--- Excerpted data Enclosed Below ---
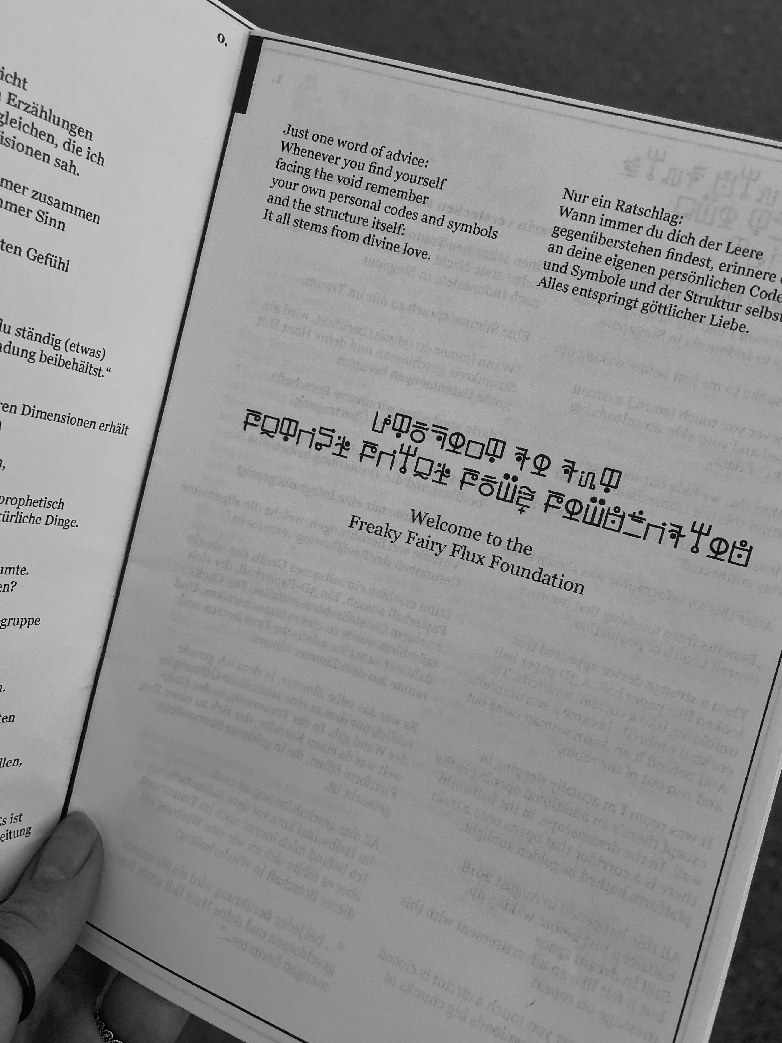 Auf der Eingangstüre des gläsernen Kubus Reich für die Insel sind dieser Tage vier mysteriöse Schriftzeichen, in vertikaler Anordnung platziert, zu sehen. So manche Besucher:innen haben sich bereits gewundert, was es mit diesen Symbolen auf sich hat. Die vier Zeichen stehen abgekürzt für den Namen des Projekts FREAKY FAIRY FLUX FOUNDATION (FFFF) – wofür Karin Ferrari eine eigene Schrift kreierte.
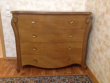 Плавные линии, изогнутые поверхности, изящные ножки придают спальне утончённость и женственность. Кровать манит к себе мягкой спинкой, очаровывает и не отпускает. Изящный туалетный столик с секретом, когда часть крышки лёгким движением руки становится зеркалом. Изделия имеют несколько цветовых решений: классический благородный — «коньяк», нежный, утончённый – «белая эмаль с серебряной патиной» и неординарный, удивительный – «кракелюр».
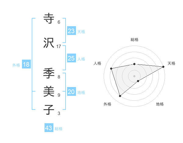 寺沢 季美子さんの天格は23画の5点!
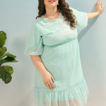 Women Sea Green Dobby Puff Sleeve Skater Dress
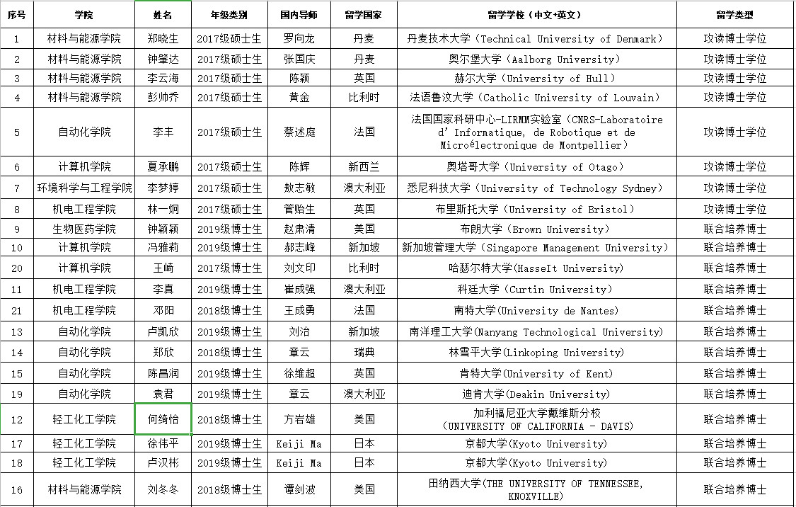 本网讯 近日,国家留学基金管理委员会公布了“2020年国家建设高水平大学公派研究生留学项目”录取人员名单,我校共有21名研究生榜上有名(5名研究生为我校“研究生拔尖创新人才培育计划”培育对象 ),其中8名同学被录取为攻读博士学位研究生,13名同学被录取为联合培养博士研究生(录取人员名单附后)。我校今年获得留学基金委资助人数较2019年增加2人,再次实现了新的突破。
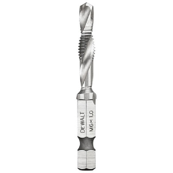 DEWALT IMPACT READY Tap and Drill Bit, 6 mm Dia, Flute Type: Spiral, Number of Flutes: 3, Shank Type: Hex, Shank Size: 1/4 in, Cutting Direction: Right Hand, HSS, Bright, 2-21/64 in L
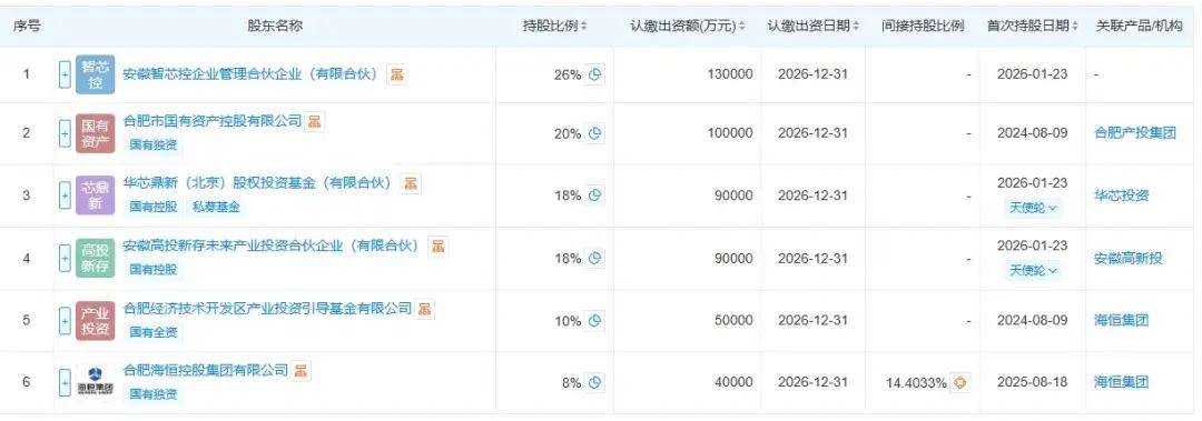 股东结构方面,新增了国家大基金三期旗下华芯鼎新(北京)股权投资基金(有限合伙)(以下简称“华芯鼎新”)、安徽高投新存未来产业投资合伙企业(有限合伙)(以下简称“安徽高新投”)、安徽智芯控企业管理合伙企业(有限合伙)(以下简称“安徽智芯控”)等股东。
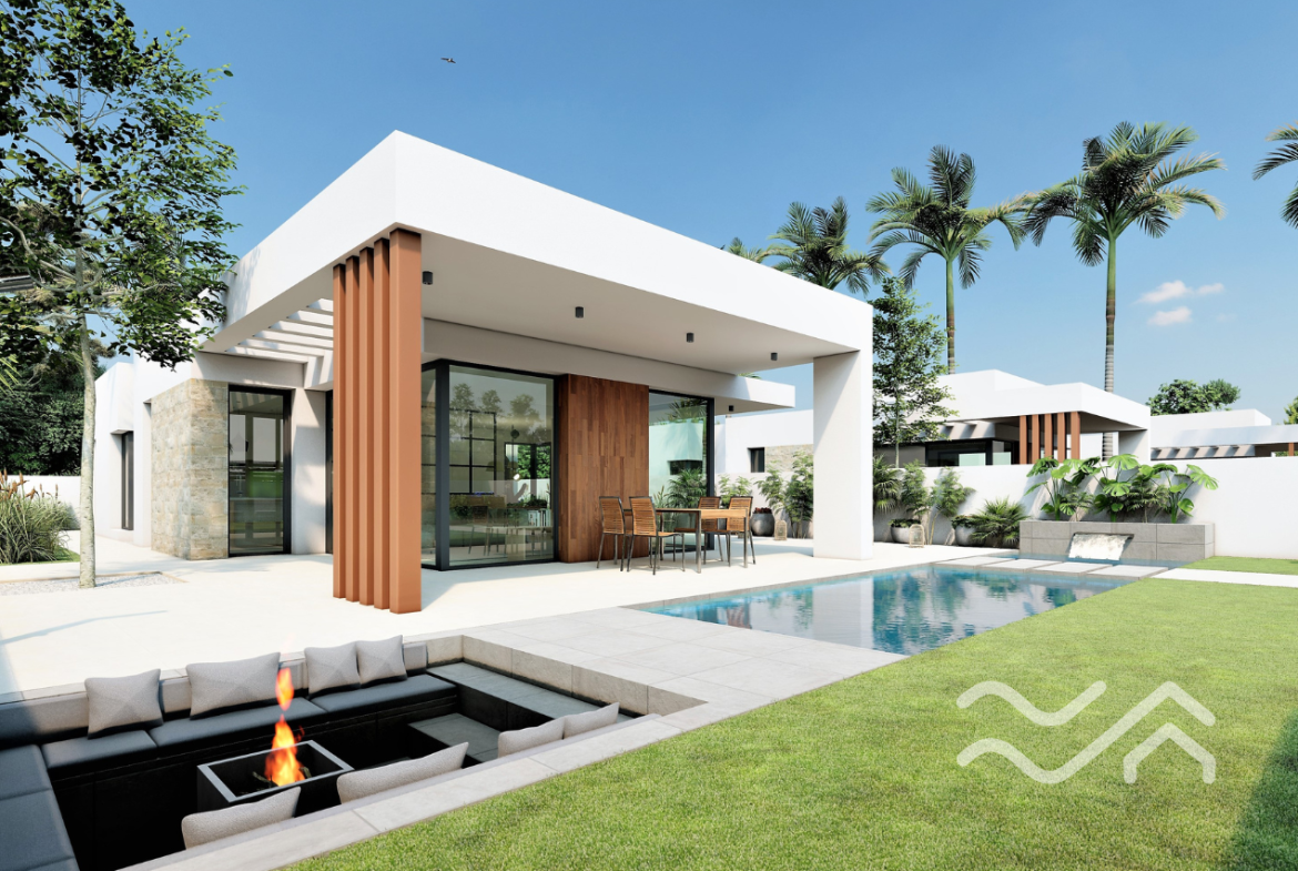 The villa offers three comfortable bedrooms and two bathrooms. The master bedroom stands out with its calm atmosphere and its own private patio – a perfect little retreat for a quiet morning coffee. The materials and color palette throughout the home are carefully chosen to create a warm and harmonious feel.
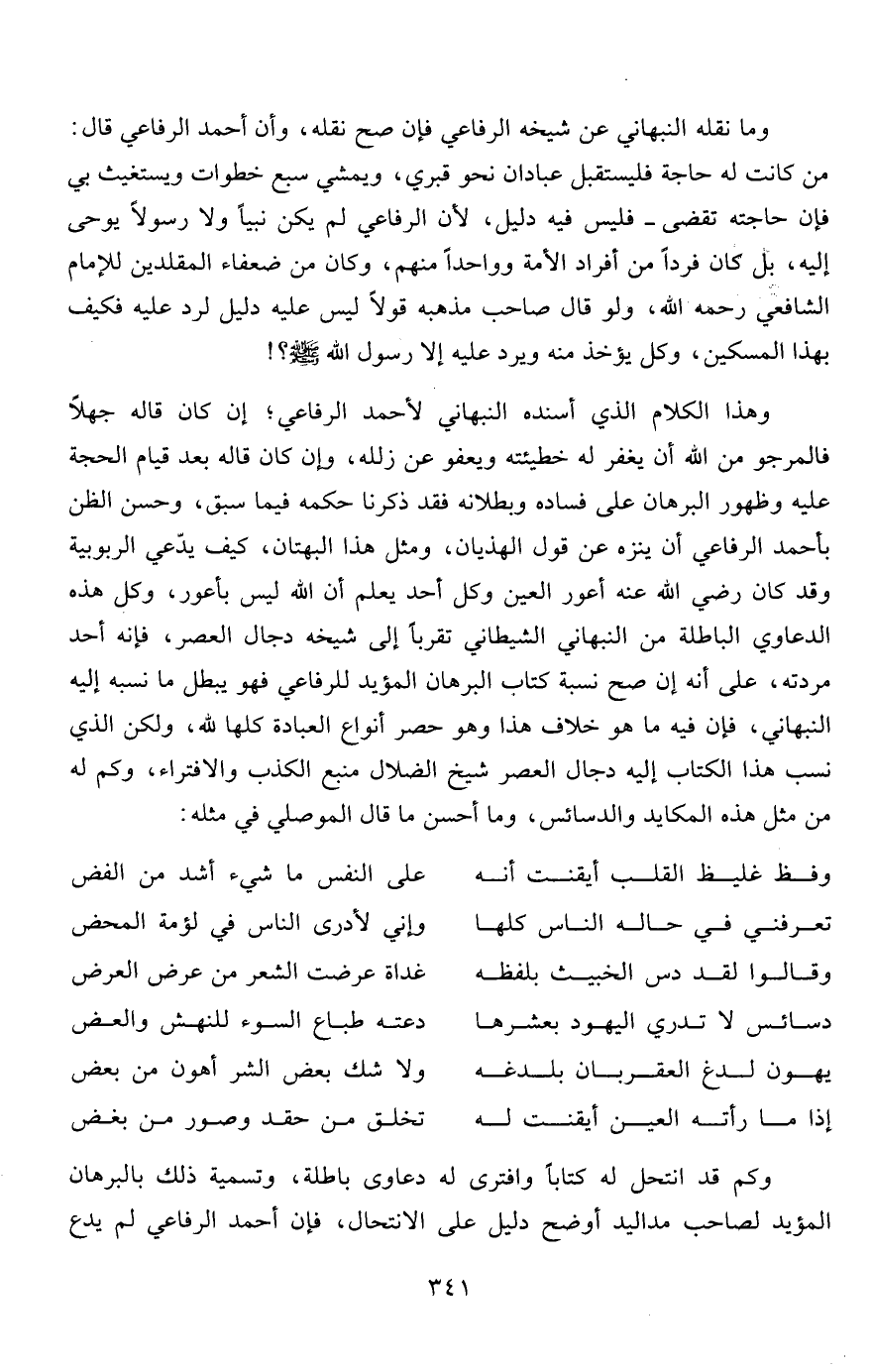 وهذا الكلام الذي أسنده النبهاني لأحمد الرفاعي؛ إن كان قاله جهلاً فالمرجو من الله أن يغفر له خطيئته ويعفو عن زلله، وإن كان قاله بعد قيام الحجة عليه وظهور البرهان على فساده وبطلانه فقد ذكرنا حكمه فيما سبق، وحسن الظن بأحمد الرفاعي أن ينزه عن قول الهذيان، ومثل هذا البهتان، كيف يدّعي الربوبية وقد كان رضي الله عنه أعور العين وكل أحد يعلم أن الله ليس بأعور، وكل هذه الدعاوي الباطلة من النبهاني الشيطاني تقرباً إلى شيخه دجال العصر، فإنه أحد مردته، على أنه إن صح نسبة كتاب البرهان المؤيد للرفاعي فهو يبطل ما نسبه إليه النبهاني، فإن فيه ما هو خلاف هذا وهو حصر أنواع العبادة كلها لله، ولكن الذي نسب هذا الكتاب إليه دجال العصر شيخ الضلال منبع الكذب والافتراء، وكم له من مثل هذه المكايد والدسائس، وما أحسن ما قال الموصلي في مثله:
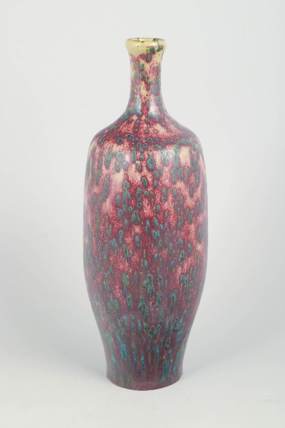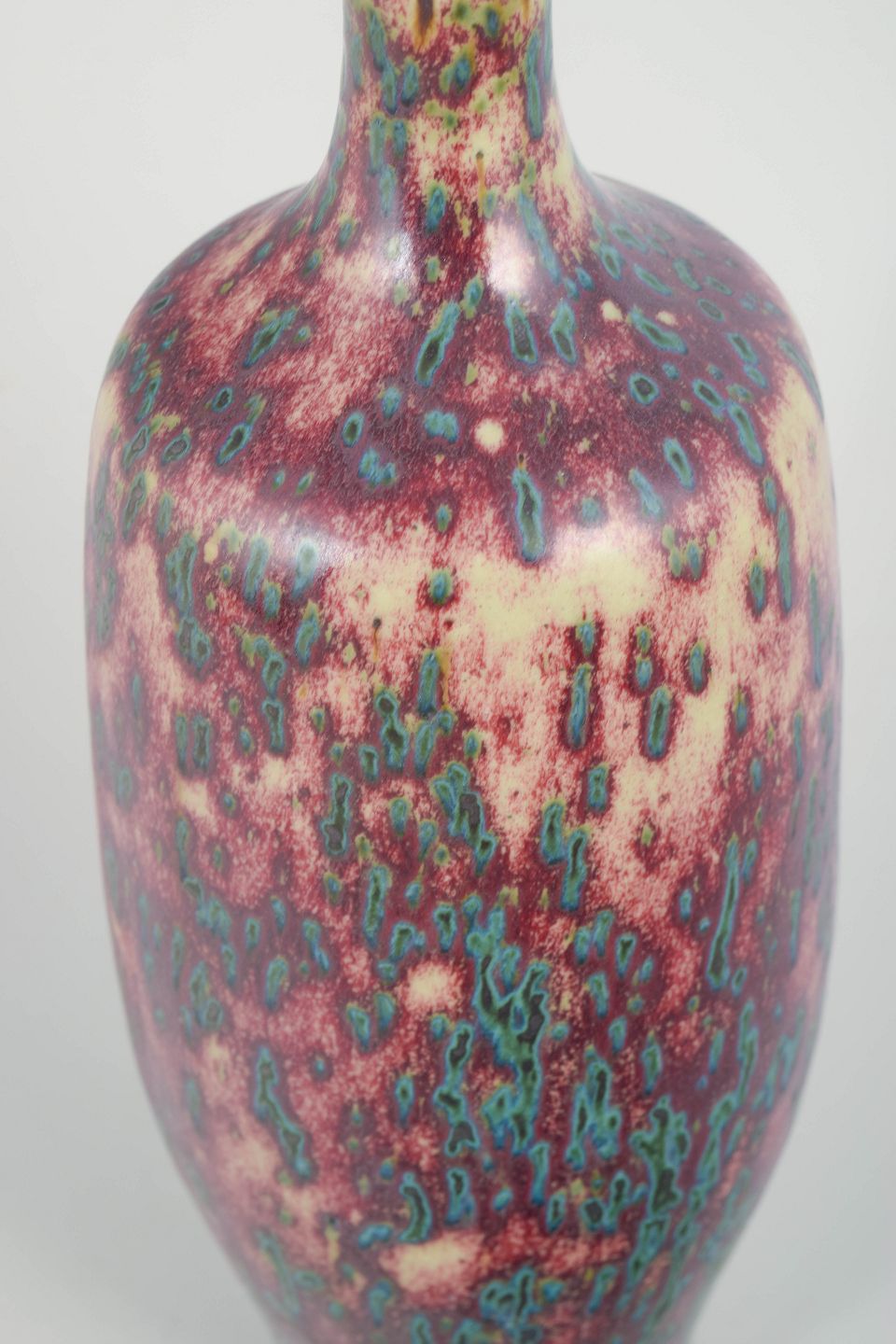 Tall organically shaped ceramic vase with a slender neck and vivid crystalline glaze in pink, violet, and turquoise tones. Unsigned example.
--- End of Enclosed Excerpted data ---
> **What the task requires**:
Take the lines from the one that contains "The villa offers" through the last line of the material above and reproduce them exactly, leaving out any pictures.

> **Task result**:
 The villa offers three comfortable bedrooms and two bathrooms. The master bedroom stands out with its calm atmosphere and its own private patio – a perfect little retreat for a quiet morning coffee. The materials and color palette throughout the home are carefully chosen to create a warm and harmonious feel.
 وهذا الكلام الذي أسنده النبهاني لأحمد الرفاعي؛ إن كان قاله جهلاً فالمرجو من الله أن يغفر له خطيئته ويعفو عن زلله، وإن كان قاله بعد قيام الحجة عليه وظهور البرهان على فساده وبطلانه فقد ذكرنا حكمه فيما سبق، وحسن الظن بأحمد الرفاعي أن ينزه عن قول الهذيان، ومثل هذا البهتان، كيف يدّعي الربوبية وقد كان رضي الله عنه أعور العين وكل أحد يعلم أن الله ليس بأعور، وكل هذه الدعاوي الباطلة من النبهاني الشيطاني تقرباً إلى شيخه دجال العصر، فإنه أحد مردته، على أنه إن صح نسبة كتاب البرهان المؤيد للرفاعي فهو يبطل ما نسبه إليه النبهاني، فإن فيه ما هو خلاف هذا وهو حصر أنواع العبادة كلها لله، ولكن الذي نسب هذا الكتاب إليه دجال العصر شيخ الضلال منبع الكذب والافتراء، وكم له من مثل هذه المكايد والدسائس، وما أحسن ما قال الموصلي في مثله:
 Tall organically shaped ceramic vase with a slender neck and vivid crystalline glaze in pink, violet, and turquoise tones. Unsigned example.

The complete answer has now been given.